====== DATASET CONTENT
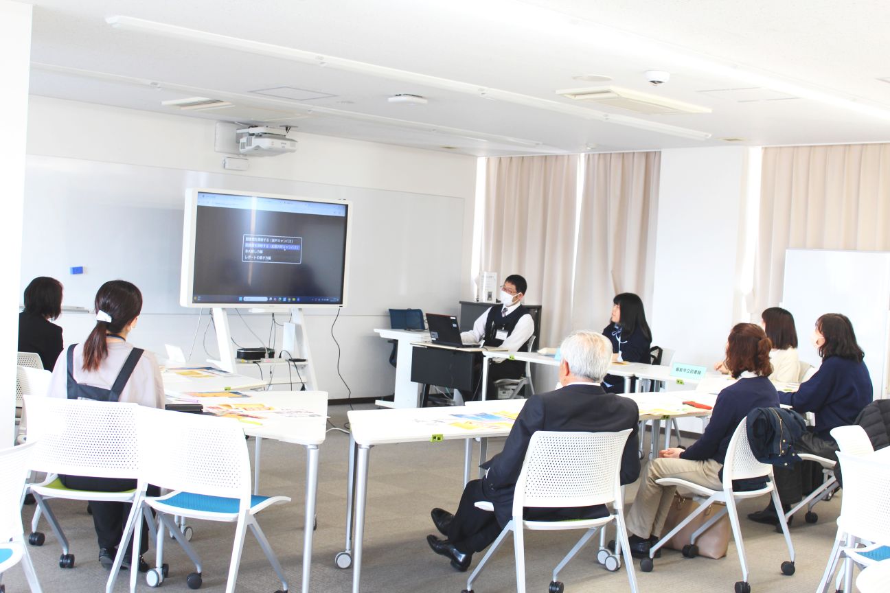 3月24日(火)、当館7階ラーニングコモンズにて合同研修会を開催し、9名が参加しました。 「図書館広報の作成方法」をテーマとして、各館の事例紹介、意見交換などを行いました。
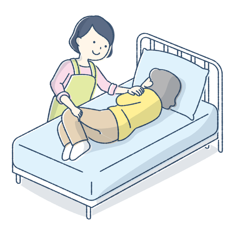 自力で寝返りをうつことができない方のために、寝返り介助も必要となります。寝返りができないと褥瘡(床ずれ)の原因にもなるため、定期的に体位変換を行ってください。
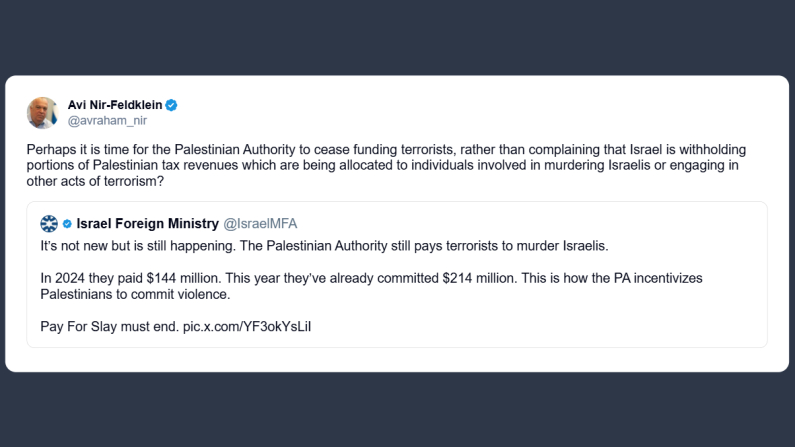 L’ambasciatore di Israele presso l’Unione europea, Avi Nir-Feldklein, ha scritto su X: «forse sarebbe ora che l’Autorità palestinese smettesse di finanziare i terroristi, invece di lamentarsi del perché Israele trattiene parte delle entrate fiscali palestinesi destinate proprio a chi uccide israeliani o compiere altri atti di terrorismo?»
============
DESCRIPTION OF THE TASK → The copy must begin at the line containing "自力で寝返りをうつことができ" and end at the last line of the data above, with every line retyped exactly and no pictures included.

OUTPUT FOR THIS TASK →
 自力で寝返りをうつことができない方のために、寝返り介助も必要となります。寝返りができないと褥瘡(床ずれ)の原因にもなるため、定期的に体位変換を行ってください。
 L’ambasciatore di Israele presso l’Unione europea, Avi Nir-Feldklein, ha scritto su X: «forse sarebbe ora che l’Autorità palestinese smettesse di finanziare i terroristi, invece di lamentarsi del perché Israele trattiene parte delle entrate fiscali palestinesi destinate proprio a chi uccide israeliani o compiere altri atti di terrorismo?»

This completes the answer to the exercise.